**ASSIGNED TASK:**
Your answer should give again, exactly, the lines from the beginning of the entries below through the line containing "Este livro é". It must contain no pictures.
+ + +
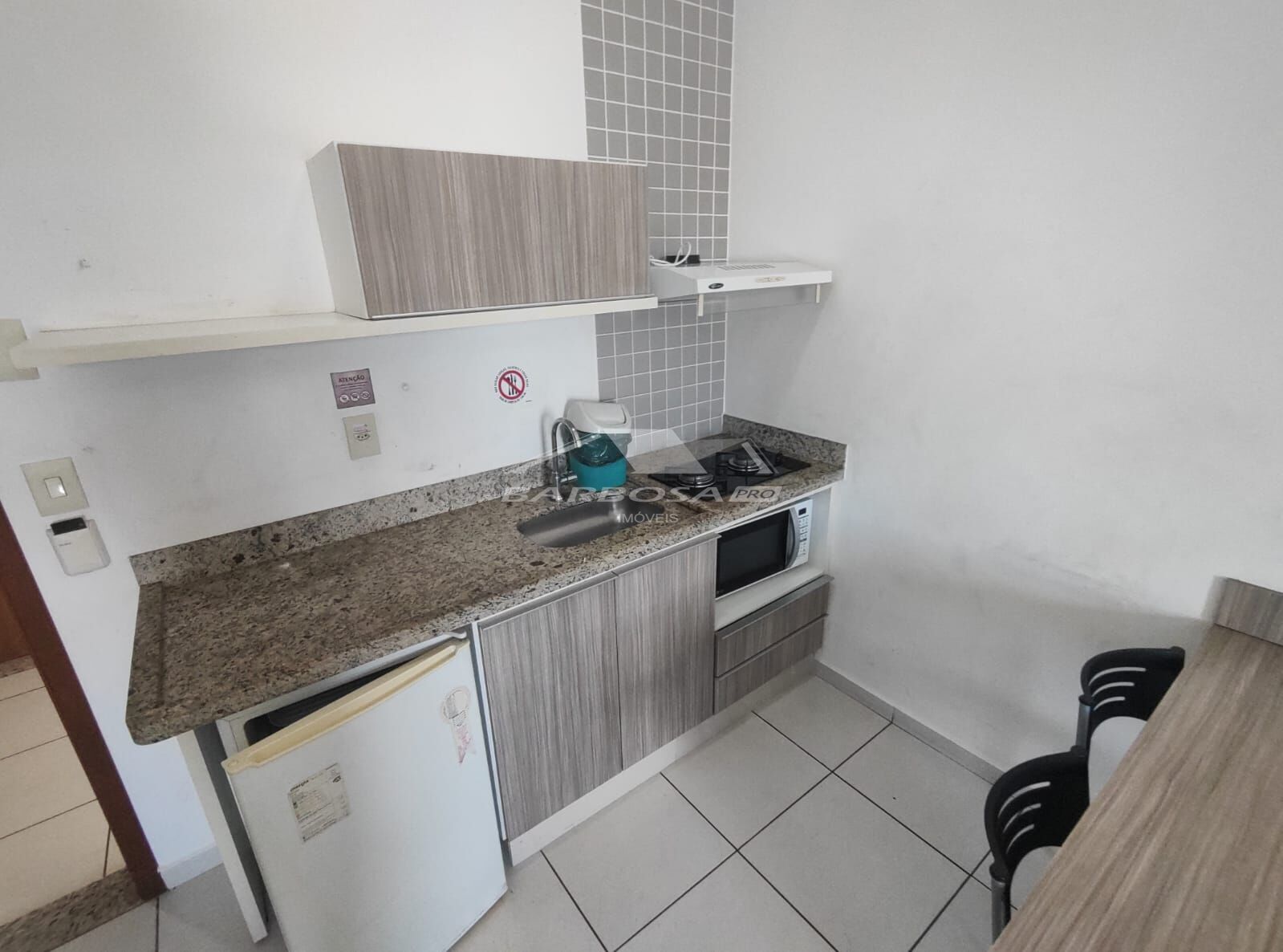 • Cozinha equipada com armários, cooktop e micro-ondas
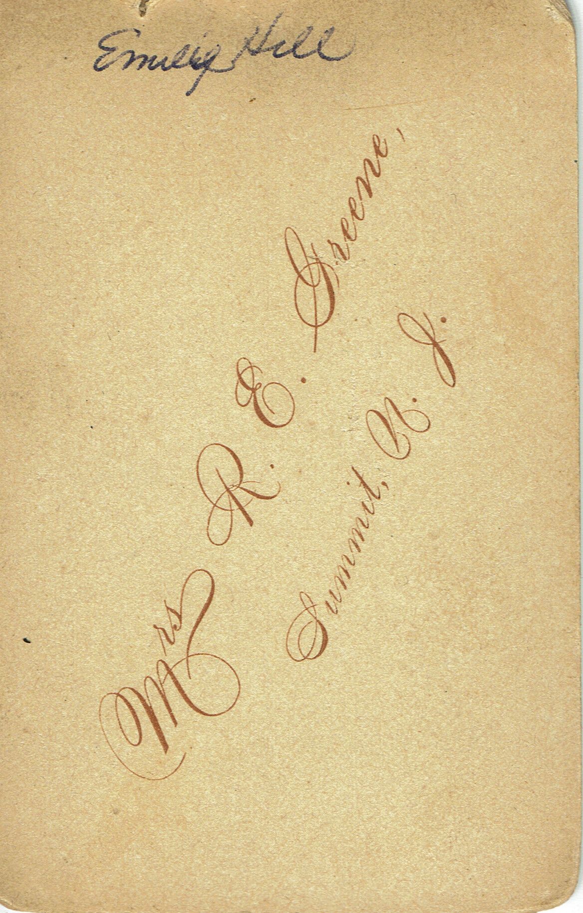 Photograph from the Blood Family Collection identified as Emilie Hill. Emilie Hill graduated from Millburn High School in 1902, along with Florence McCaskie and Juliet Blood. A photo of Emilie Hill with Juliet and Marianne Blood is in the Kellogg collection. According to Bessie Kellogg's notes, Emilie was 14 when the photograph was taken.
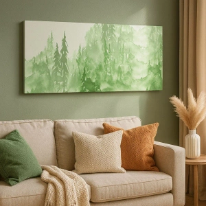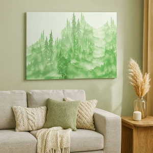 - Uma impressão em tela representando uma floresta verde sutil em estilo aquarela sobre um fundo claro. Uma decoração perfeita para trazer harmonia e tranquilidade a qualquer ambiente.
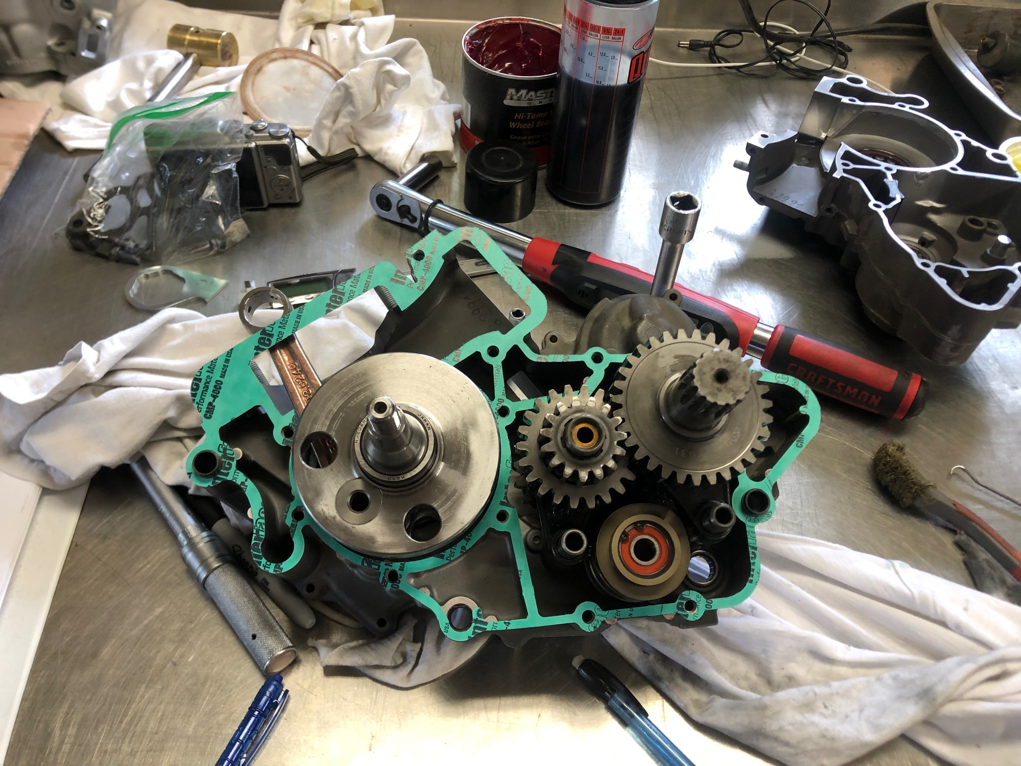 KTM engine mid-rebuild. Hopefully it will get some use this fall, but with the fresh baby its hard to get the green light to get away for a weekend!
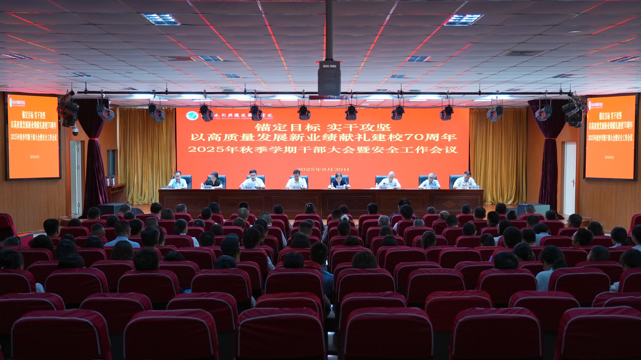 8月30日下午,taptap点点2025年秋季学期全校干部大会暨安全工作会议在航空港校区德礼讲堂召开,会议以“锚定目标 实干攻坚 以高质量发展新业绩献礼建校70周年”为主题。校领导班子成员、全校中层干部参会,校党委副书记、副校长蒋彦成主持会议。
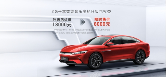 8月29日,比亚迪携DiLink 4.0(5G)和为汉EV四驱高性能版旗舰型倾力打造的“5G丹拿智能音乐座舱”升级包,在成都车展正式上市。“5G丹拿智能音乐座舱”升级包包含5G速联、HiFi级定制丹拿音响、DiLink 4.0(5G)、双频定位导航技术四大升级,售价18000元。用户在12月31日前完成购车,可享8000元抵18000元优惠,并获赠5G优享VIP畅听包。
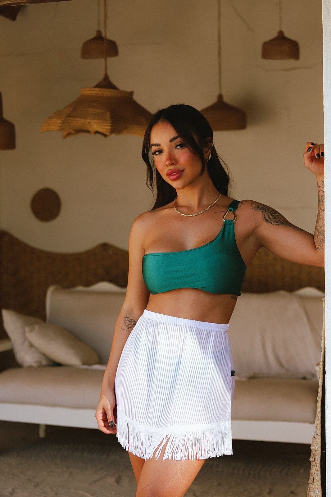 Saia Saída De Praia Franjas Branca
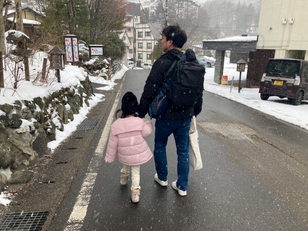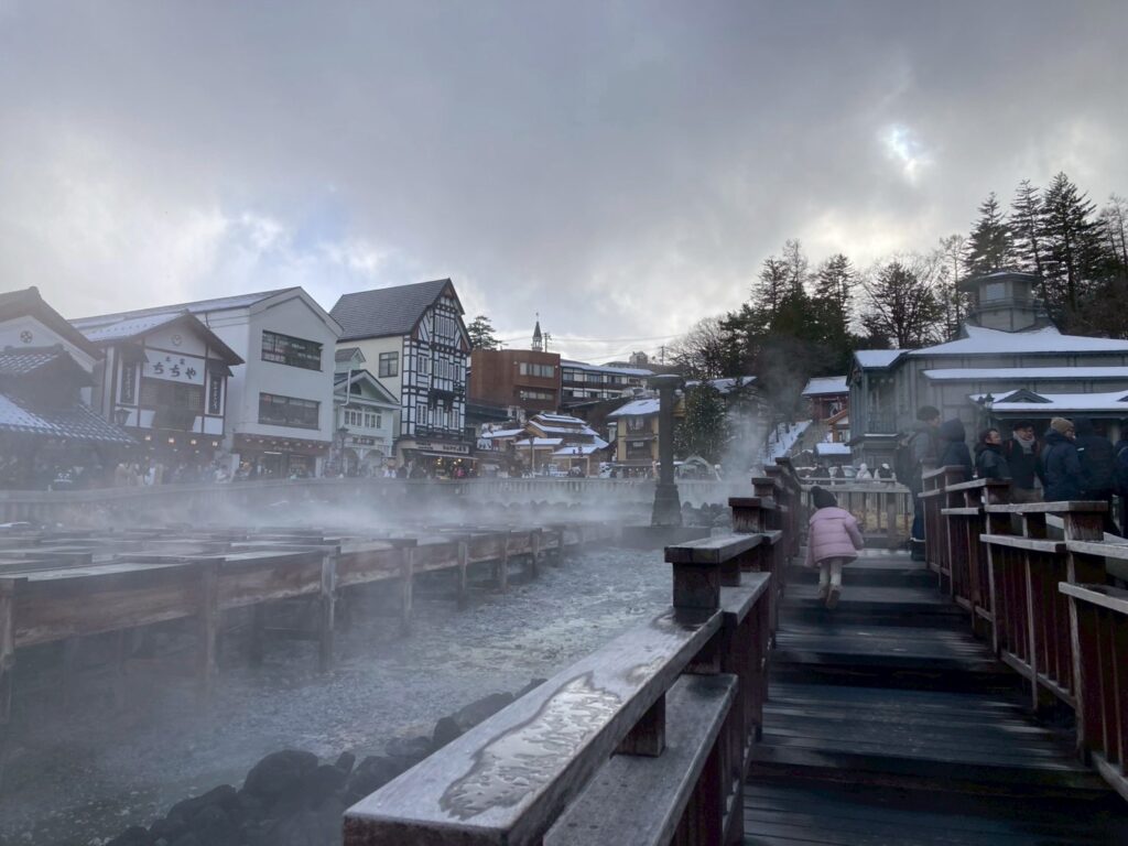 雪の温泉街は、キンと冷たい空気と温泉の湯けむり、外の冷たさと温かい室内のギャップも情緒がある体験だったけれど、正直回っている最中は大変で味わう余裕はなかったです。(思い返すと素敵な景色でした。笑)
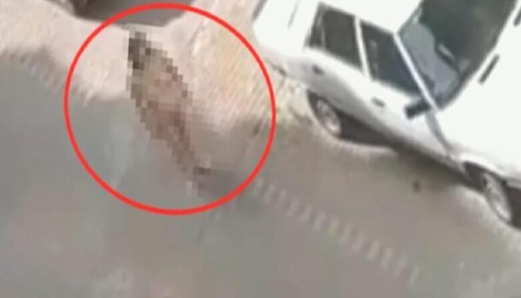 ووقفت المرأة بلا حراك في منتصف الشارع لفترة، ثم ابتعدت المرأة فيما قيل إنها مختلة عقليا .
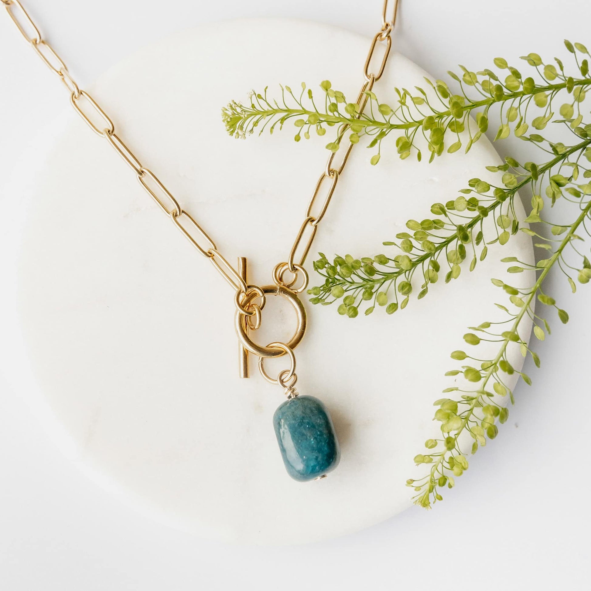 Our most popular paperclip chain comes with a stunning blue apatite stone nugget. Each stone is unique, with gorgeous natural features. Ideal for dressing up a casual outfit, or adding a touch of flair to a night out.
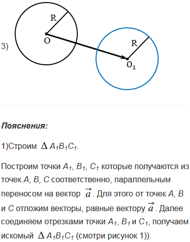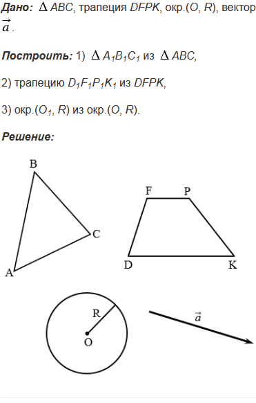 Даны треугольник, трапеция и окружность. Постройте фигуры, которые получаются из этих фигур параллельным переносом на данный вектор
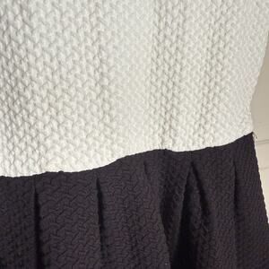 Chic Ganni dress in a striking black & white colorblock design with heavy knit texture. V-neck, short sleeve, flattering pleated skirt. High-quality construction made in Turkey. Timeless mod vibe for day-to-night looks.
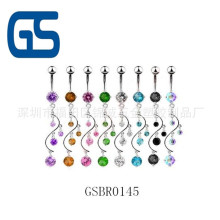 S形嵌鉆肚臍環 不銹鋼樹枝形狀肚臍環 廣東出口鈦鋼穿刺肚臍環
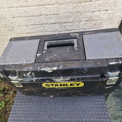 Blå Værktøjskasse i metal / jern. Måler ca 60 gange 30 cm.
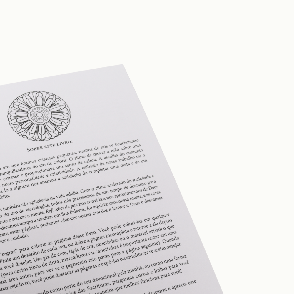 Este livro é uma pausa silenciosa no ritmo agitado da vida. Cada página conduz à serenidade, incentivando uma jornada devocional simples, criativa e profundamente significativa.
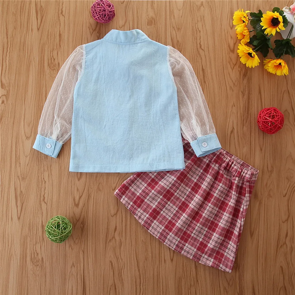 Special Chance for Girls Clothes New Fashion Baby Girls Fashion Bow-Tie T-shirt Tops+Plaid Skirt Clothes Outfits Set T
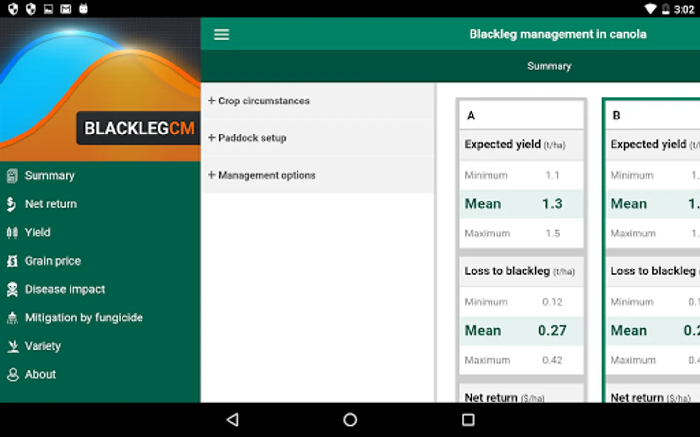 BlacklegCM can be tuned to account for some of the major factors that relate to risk of yield loss due to blackleg disease in your paddocks. It allows you to compare the likely profitability of different disease management strategies including paddock selection, variety choice, seed dressing, banded fungicide and foliar fungicide.
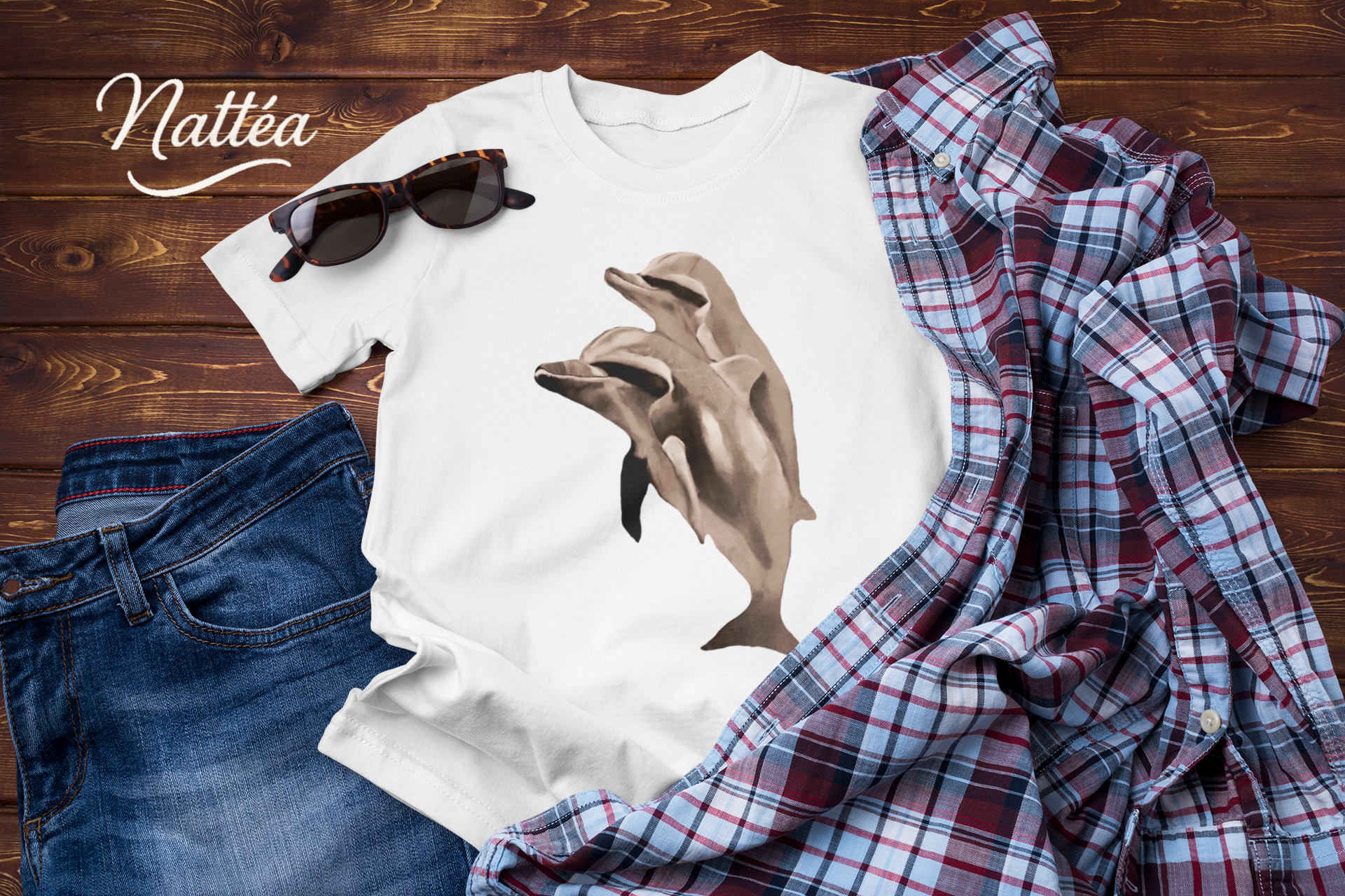Vintage Style Dolphin Art T-Shirt – Ocean Sea Life Design from Original Painting
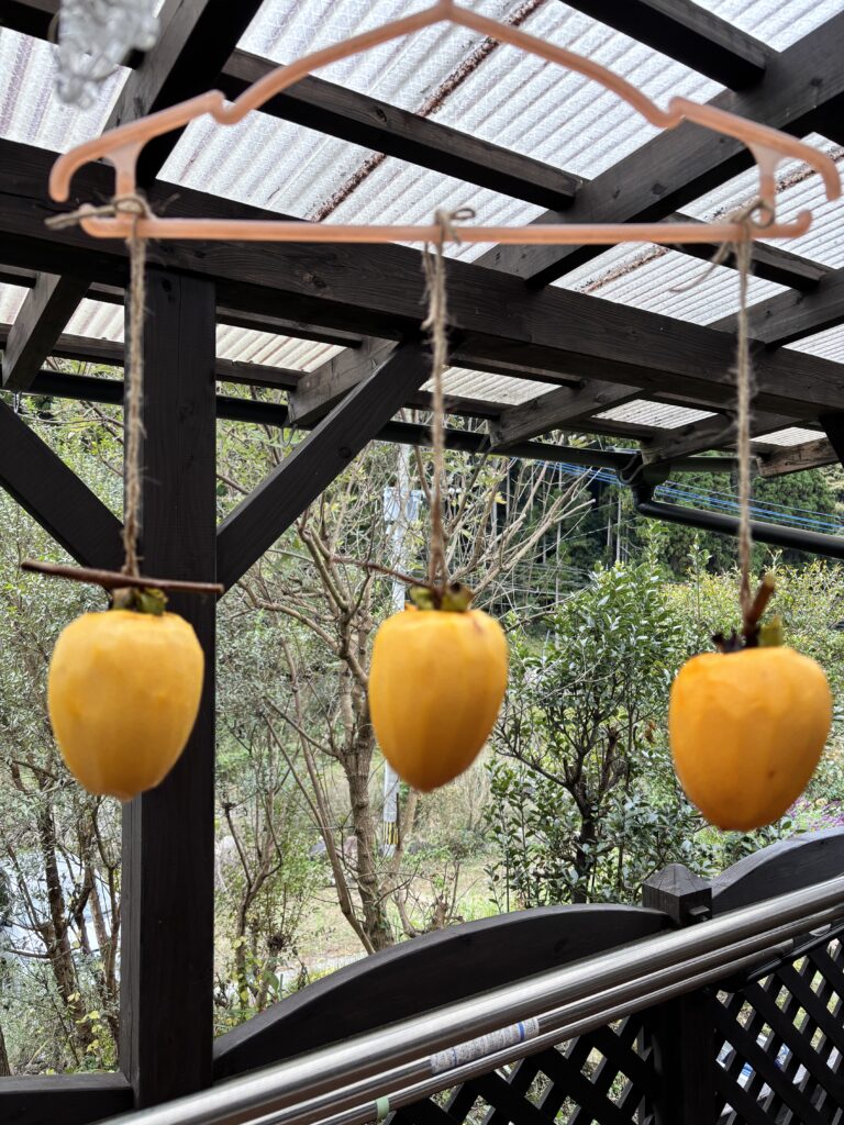 ちょこっと情報→干し柿にはβ-カロテンやカリウム、健康や美容に良い栄養素を豊富に含み、また食物繊維を多く含んでいるので、腸内細菌の活性化、バランスも整え、スムーズな便通に役立つそうです。他にのたくさん良い点があるようです。糖分を多く含むので、食べ過ぎには注意です。何事も過ぎたるは及ばざるが如し〜ですね!
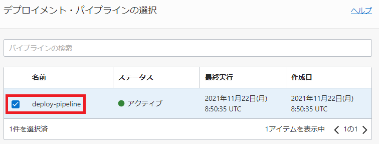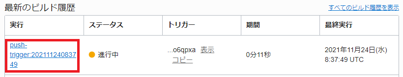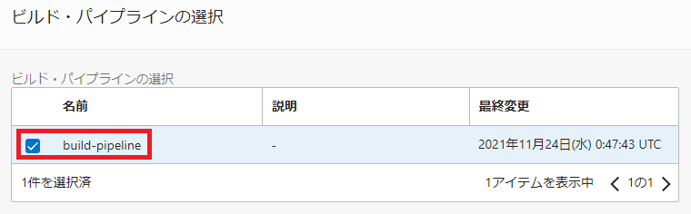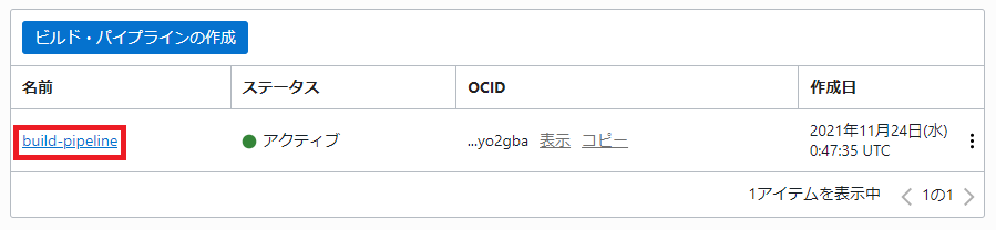 「最新のビルド履歴」で、対象のビルド・パイプラインを選択します。
+ + +
**ANSWER TO THIS EXERCISE:**
 • Cozinha equipada com armários, cooktop e micro-ondas
 Photograph from the Blood Family Collection identified as Emilie Hill. Emilie Hill graduated from Millburn High School in 1902, along with Florence McCaskie and Juliet Blood. A photo of Emilie Hill with Juliet and Marianne Blood is in the Kellogg collection. According to Bessie Kellogg's notes, Emilie was 14 when the photograph was taken.
 - Uma impressão em tela representando uma floresta verde sutil em estilo aquarela sobre um fundo claro. Uma decoração perfeita para trazer harmonia e tranquilidade a qualquer ambiente.
 KTM engine mid-rebuild. Hopefully it will get some use this fall, but with the fresh baby its hard to get the green light to get away for a weekend!
 8月30日下午,taptap点点2025年秋季学期全校干部大会暨安全工作会议在航空港校区德礼讲堂召开,会议以“锚定目标 实干攻坚 以高质量发展新业绩献礼建校70周年”为主题。校领导班子成员、全校中层干部参会,校党委副书记、副校长蒋彦成主持会议。
 8月29日,比亚迪携DiLink 4.0(5G)和为汉EV四驱高性能版旗舰型倾力打造的“5G丹拿智能音乐座舱”升级包,在成都车展正式上市。“5G丹拿智能音乐座舱”升级包包含5G速联、HiFi级定制丹拿音响、DiLink 4.0(5G)、双频定位导航技术四大升级,售价18000元。用户在12月31日前完成购车,可享8000元抵18000元优惠,并获赠5G优享VIP畅听包。
 Saia Saída De Praia Franjas Branca
 雪の温泉街は、キンと冷たい空気と温泉の湯けむり、外の冷たさと温かい室内のギャップも情緒がある体験だったけれど、正直回っている最中は大変で味わう余裕はなかったです。(思い返すと素敵な景色でした。笑)
 ووقفت المرأة بلا حراك في منتصف الشارع لفترة، ثم ابتعدت المرأة فيما قيل إنها مختلة عقليا .
 Our most popular paperclip chain comes with a stunning blue apatite stone nugget. Each stone is unique, with gorgeous natural features. Ideal for dressing up a casual outfit, or adding a touch of flair to a night out.
 Даны треугольник, трапеция и окружность. Постройте фигуры, которые получаются из этих фигур параллельным переносом на данный вектор
 Chic Ganni dress in a striking black & white colorblock design with heavy knit texture. V-neck, short sleeve, flattering pleated skirt. High-quality construction made in Turkey. Timeless mod vibe for day-to-night looks.
 S形嵌鉆肚臍環 不銹鋼樹枝形狀肚臍環 廣東出口鈦鋼穿刺肚臍環
 Blå Værktøjskasse i metal / jern. Måler ca 60 gange 30 cm.
 Este livro é uma pausa silenciosa no ritmo agitado da vida. Cada página conduz à serenidade, incentivando uma jornada devocional simples, criativa e profundamente significativa.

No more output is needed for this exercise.